* What you should do: The result should be a word-for-word retyping of the entries below, free of pictures.
Source information below:
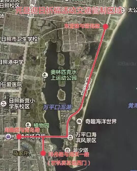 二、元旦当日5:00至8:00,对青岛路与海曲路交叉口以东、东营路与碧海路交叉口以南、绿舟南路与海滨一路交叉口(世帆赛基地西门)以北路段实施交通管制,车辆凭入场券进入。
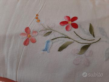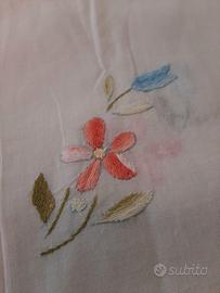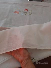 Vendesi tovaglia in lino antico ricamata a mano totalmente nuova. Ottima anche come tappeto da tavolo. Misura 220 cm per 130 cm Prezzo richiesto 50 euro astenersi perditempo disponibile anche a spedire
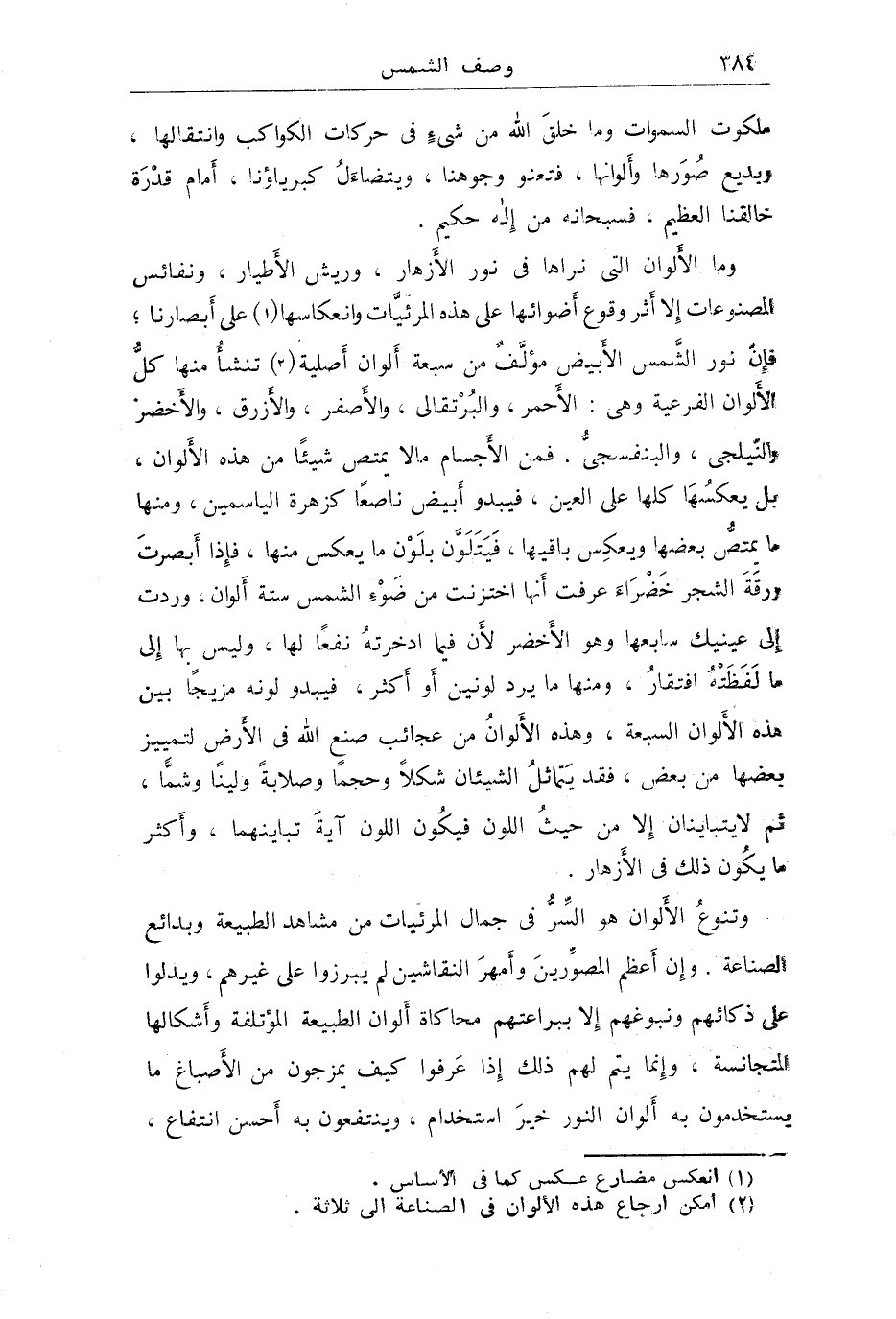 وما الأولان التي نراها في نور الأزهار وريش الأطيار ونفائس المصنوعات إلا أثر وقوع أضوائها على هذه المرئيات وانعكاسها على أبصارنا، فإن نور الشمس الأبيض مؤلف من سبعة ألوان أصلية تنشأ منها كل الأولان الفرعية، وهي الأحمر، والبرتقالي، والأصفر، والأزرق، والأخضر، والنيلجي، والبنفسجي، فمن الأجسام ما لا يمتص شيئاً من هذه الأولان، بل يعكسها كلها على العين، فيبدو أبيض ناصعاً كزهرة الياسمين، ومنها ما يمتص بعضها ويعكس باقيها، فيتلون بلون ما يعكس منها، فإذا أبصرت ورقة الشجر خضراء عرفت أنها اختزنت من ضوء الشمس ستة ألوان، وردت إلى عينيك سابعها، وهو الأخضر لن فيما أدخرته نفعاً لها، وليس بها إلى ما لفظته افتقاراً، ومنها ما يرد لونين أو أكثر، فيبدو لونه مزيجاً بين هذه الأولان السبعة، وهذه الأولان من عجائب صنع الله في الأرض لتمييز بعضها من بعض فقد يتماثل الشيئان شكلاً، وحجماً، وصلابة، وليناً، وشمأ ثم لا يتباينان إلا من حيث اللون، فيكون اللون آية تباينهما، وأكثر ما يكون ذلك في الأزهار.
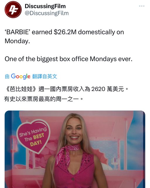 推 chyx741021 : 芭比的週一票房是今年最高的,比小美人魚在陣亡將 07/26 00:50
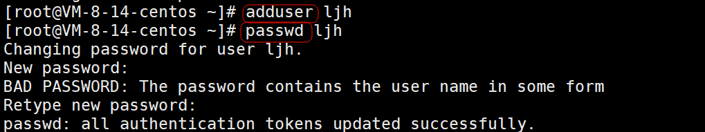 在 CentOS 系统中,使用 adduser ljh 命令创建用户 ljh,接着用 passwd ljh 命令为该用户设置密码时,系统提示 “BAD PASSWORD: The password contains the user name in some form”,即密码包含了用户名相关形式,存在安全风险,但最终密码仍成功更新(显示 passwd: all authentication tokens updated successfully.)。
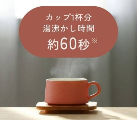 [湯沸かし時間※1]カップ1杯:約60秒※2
End of Source information.
* Task output:
 二、元旦当日5:00至8:00,对青岛路与海曲路交叉口以东、东营路与碧海路交叉口以南、绿舟南路与海滨一路交叉口(世帆赛基地西门)以北路段实施交通管制,车辆凭入场券进入。
 Vendesi tovaglia in lino antico ricamata a mano totalmente nuova. Ottima anche come tappeto da tavolo. Misura 220 cm per 130 cm Prezzo richiesto 50 euro astenersi perditempo disponibile anche a spedire
 وما الأولان التي نراها في نور الأزهار وريش الأطيار ونفائس المصنوعات إلا أثر وقوع أضوائها على هذه المرئيات وانعكاسها على أبصارنا، فإن نور الشمس الأبيض مؤلف من سبعة ألوان أصلية تنشأ منها كل الأولان الفرعية، وهي الأحمر، والبرتقالي، والأصفر، والأزرق، والأخضر، والنيلجي، والبنفسجي، فمن الأجسام ما لا يمتص شيئاً من هذه الأولان، بل يعكسها كلها على العين، فيبدو أبيض ناصعاً كزهرة الياسمين، ومنها ما يمتص بعضها ويعكس باقيها، فيتلون بلون ما يعكس منها، فإذا أبصرت ورقة الشجر خضراء عرفت أنها اختزنت من ضوء الشمس ستة ألوان، وردت إلى عينيك سابعها، وهو الأخضر لن فيما أدخرته نفعاً لها، وليس بها إلى ما لفظته افتقاراً، ومنها ما يرد لونين أو أكثر، فيبدو لونه مزيجاً بين هذه الأولان السبعة، وهذه الأولان من عجائب صنع الله في الأرض لتمييز بعضها من بعض فقد يتماثل الشيئان شكلاً، وحجماً، وصلابة، وليناً، وشمأ ثم لا يتباينان إلا من حيث اللون، فيكون اللون آية تباينهما، وأكثر ما يكون ذلك في الأزهار.
 推 chyx741021 : 芭比的週一票房是今年最高的,比小美人魚在陣亡將 07/26 00:50
 在 CentOS 系统中,使用 adduser ljh 命令创建用户 ljh,接着用 passwd ljh 命令为该用户设置密码时,系统提示 “BAD PASSWORD: The password contains the user name in some form”,即密码包含了用户名相关形式,存在安全风险,但最终密码仍成功更新(显示 passwd: all authentication tokens updated successfully.)。
 [湯沸かし時間※1]カップ1杯:約60秒※2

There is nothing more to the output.